Bob Dylan, The Complete Album Collection, review
Dylan’s gloriously jagged pursuit of a restless muse
Box sets don’t come bigger than this: all 41 “official” Bob Dylan albums, 14 of them newly remastered, with an additional 2CD compilation of singles and out-takes, and a hardback book of sleevenote prose and poems, track annotations, and so on. If you had to explain the course of western culture in the late 20th century, you could do far worse than simply point to this, the almost complete oeuvre of the era’s most influential artist.

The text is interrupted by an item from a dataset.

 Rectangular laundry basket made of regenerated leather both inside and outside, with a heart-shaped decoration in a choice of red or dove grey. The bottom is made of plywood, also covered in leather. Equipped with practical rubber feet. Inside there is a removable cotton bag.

Taken together, the shape of Dylan’s career becomes clearer: not an arc, or even a flow, but a jagged pursuit of a particularly restless muse.
Time and again there are abrupt breaks, with both his own history and the general course of music: the groundbreaking shift from folk to rock; the sudden turn to ascetic, spartan fables while the world around turned psychedelic paisley; the emancipation of country music; the brimstone-breathing Christian preacher; the curatorial unearthing of traditional musical antiquities; and so on, and on.
It’s not all good, of course – there are some right stinkers, especially from the Eighties – but the highs are astronomical, floating over the earth observing humanity and transmuting its foibles into allusive, surreal, poetic commentaries that lodge in the collective consciousness.
And even the bad albums have their moments. In truth, I wouldn’t recommend anyone buy the likes of Saved or Dylan & the Dead individually, but they’re acceptable as part of a longer career narrative, providing low-tidemarks against which the grander swells can be better measured.
My only complaint is that the non-inclusion of the Bootleg Series deprives us of at least two major works (“Foot of Pride” and the magnificent “Blind Willie McTell”) – but perhaps they’re waiting for Volume Two.
Download: Blowing in the Wind; Subterranean Homesick Blues; It’s Alright, Ma; Like A Rolling Stone; Visions of Johanna; Knocking on Heaven’s Door; Tangled Up in Blue; etc, etc.